Could it be that one or both engines have settled on their mountings causing the propshaft to become non-concentric in the stern tube? How do I check for that? Are there are other possible reasons?
 
is the vibration synchronous with RPM ? (higher RPM, vibration is higher freq. .... )
is it coming from one engine / prop or both ?
what happens when you stop one engine ?
and when you stop the other ?
 
If it seems to disappear at high rpm then I would think that clears the shaft line etc as a failed bearing or misalignment would likely get more noisy at higher rpm. It could be an engine vibration which in which case as the rpm went up the vibration frequency harmonises thus reducing what you hear. This could be transmitted to the boat via a hardened mount etc and what you hear is actually likely to be another part of the boat (such as cabinetry etc) being vibrated. If it just appeared this season it is likely that its due to something wearing out which will only get worse. Of course all of this is guess work as I'm not there and can't hear it. My best advice would be to spend £10 and get yourself a mechanics stethoscope from a tool outlet and get down on your hands and knees and methodically work your way round the area listening to the boat through the stethoscope until you find whats vibrating then decipher whats causing the vibration.
 
I've had a vibration in my boat which has got steadily worse as the season has gone on. It's mainly apparent at slow speed and seems to disappear at high speed. As far as I'm aware I haven't dinged a prop and visually, I can see no damage to the props or any other sterngear bits. The drive system on my boat is a simple shaftdrive system with engine, gearbox and propshaft in line; there is no universal coupling or down angle gearbox in the drive system.
Could it be that one or both engines have settled on their mountings causing the propshaft to become non-concentric in the stern tube? How do I check for that? Are there are other possible reasons?
Not familiar with shafts, but it doesnt make this aweful noise, does it?
http://www.youtube.com/watch?v=nC2gZMNkyJo
 
Hi,
Work out which engine it is .
First I would check the prop ,have you cleaned it evenly ?If its dinged these nowt you can do until lift out.
What state is the shaft anode -missing a bolt or eroded unevenly?
Does it come on in neutral or with spinning props?
engine bearers / mounts -are they tight ? Have you got a spanner big enough?
Gearbox -oil level or any way of checking ( using a inferred thermometer ) if one is hotter than t,other ie wearing out prematurely ?. Hope not
 
Probably cutlass bearing lift and pressure wash then check, it probably needs a wash off in the med anyway.

Alternatively, bent prop or shaft or a mount has softened or dropped.
 
I've had a vibration in my boat which has got steadily worse as the season has gone on.

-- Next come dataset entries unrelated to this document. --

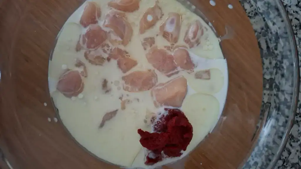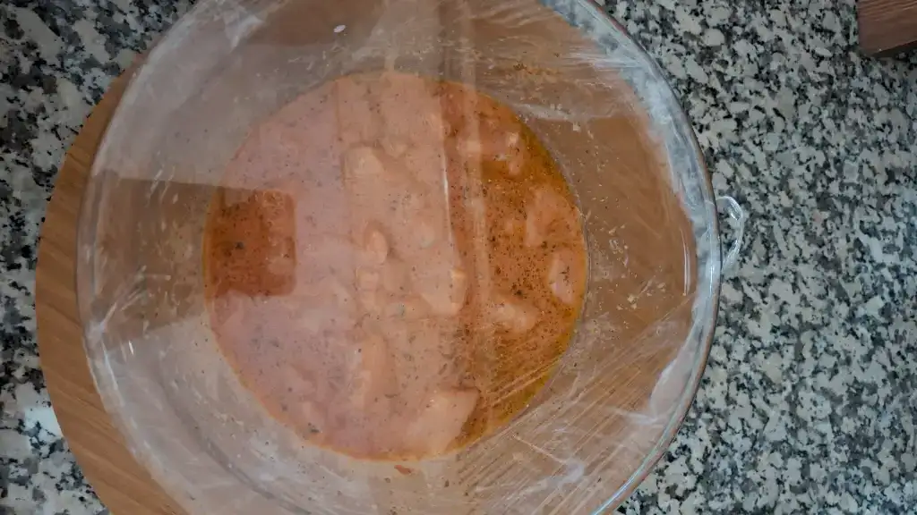 ilk olarak küp küp doğradığımız tavukları kabımıza alalım marina malzemelerini ekleyip güzelce karıştırıp kabımızın ağzını strecleyip 4-5 saat sosta dinlendirelim
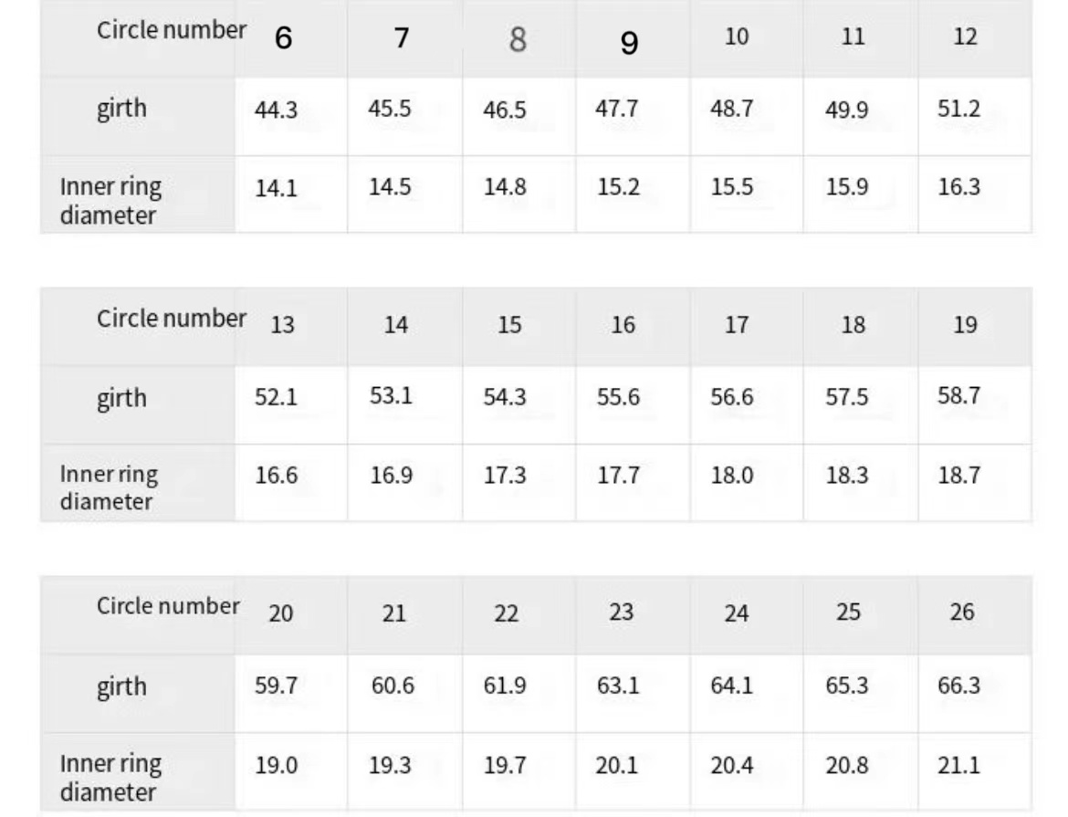 Size table:
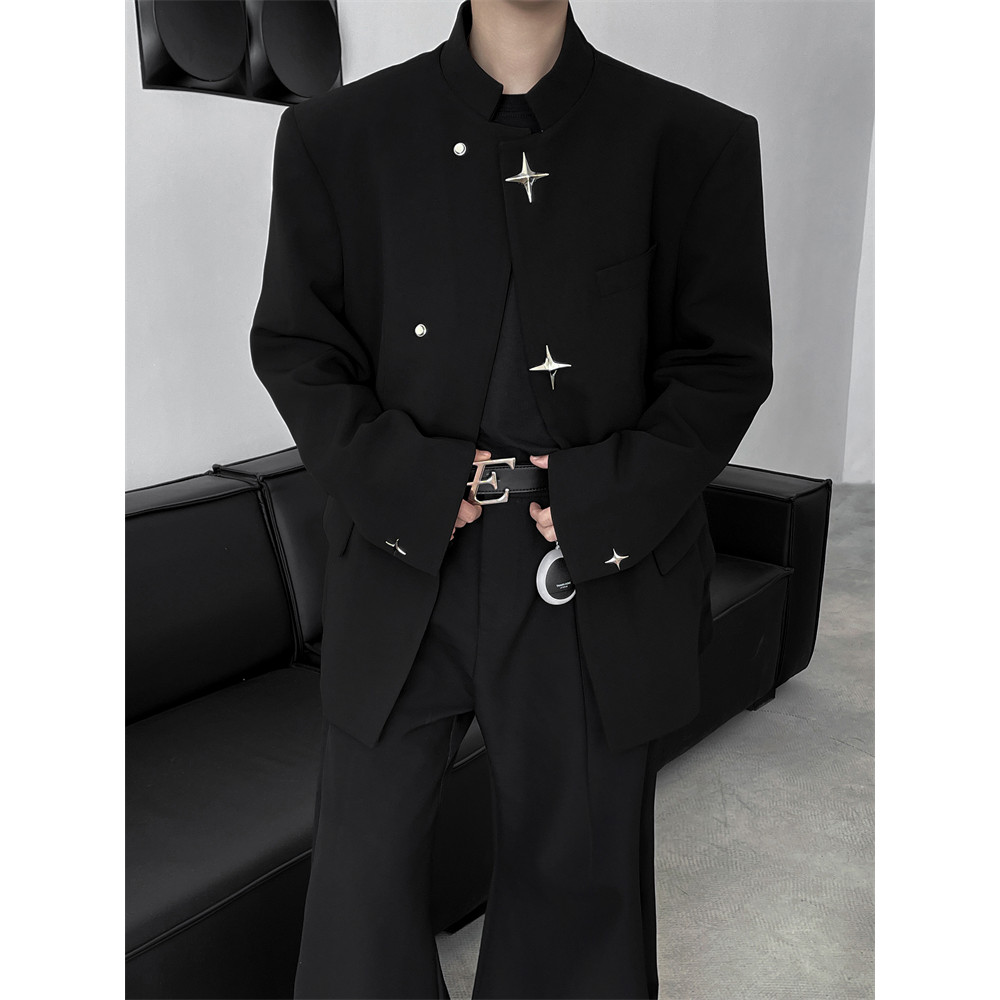 Casual Masculino Outono Cor Sólida Gola Com Zíper Bolsos Fino Blazer Casaco

It's mainly apparent at slow speed and seems to disappear at high speed. As far as I'm aware I haven't dinged a prop and visually, I can see no damage to the props or any other sterngear bits. The drive system on my boat is a simple shaftdrive system with engine, gearbox and propshaft in line; there is no universal coupling or down angle gearbox in the drive system.
Could it be that one or both engines have settled on their mountings causing the propshaft to become non-concentric in the stern tube? How do I check for that? Are there are other possible reasons?

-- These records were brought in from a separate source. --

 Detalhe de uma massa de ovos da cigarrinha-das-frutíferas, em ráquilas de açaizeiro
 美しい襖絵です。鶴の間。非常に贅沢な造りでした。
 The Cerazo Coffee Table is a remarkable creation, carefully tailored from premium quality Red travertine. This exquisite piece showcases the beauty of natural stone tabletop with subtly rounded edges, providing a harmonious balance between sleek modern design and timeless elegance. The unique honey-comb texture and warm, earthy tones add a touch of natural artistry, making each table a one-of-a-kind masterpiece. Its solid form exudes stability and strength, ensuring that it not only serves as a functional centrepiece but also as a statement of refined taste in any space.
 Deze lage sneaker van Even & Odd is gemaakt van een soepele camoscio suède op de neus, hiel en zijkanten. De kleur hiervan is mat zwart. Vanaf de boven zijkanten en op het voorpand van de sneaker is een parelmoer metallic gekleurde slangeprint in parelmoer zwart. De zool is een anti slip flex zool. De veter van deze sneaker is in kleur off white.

What engines / gearbox / stern seal set up ?
 
Have a good look at the engine mounts; check if the rubber has perished or even delaminated from the metal. A large lever or crowbar is useful for this.
 
Thanks for all replies. BartW - good point but it is difficult to replicate on one engine only because much higher rpm needed to achieve same speed (8-9kts) on one engine compared to both engines. Cutless bearings changed winter 2012 so don't think they are the problem. Gearbox oil levels can be checked and are OK. Gearbox oil pressure and temperature are similar and within spec so don't think gearboxes are the problem. All anodes in expected condition for time of year and all are properly located (i have checked myself). Sterngear cleaned by diver recently and hull not badly fouled.
Engine mountings and shaft alignment seems to be favourite at present
 
BartW - good point but it is difficult to replicate on one engine only because much higher rpm needed to achieve same speed (8-9kts) on one engine compared to both engines.
I don't think that matters a lot, M.
Whatever the source of vibration, it's very unlikely to be related to the water flow speed, which is the only thing which really changes between cruising at any given rpm with one or two engines.
I would definitely start with the checks which B suggested, that should restrict the field a lot.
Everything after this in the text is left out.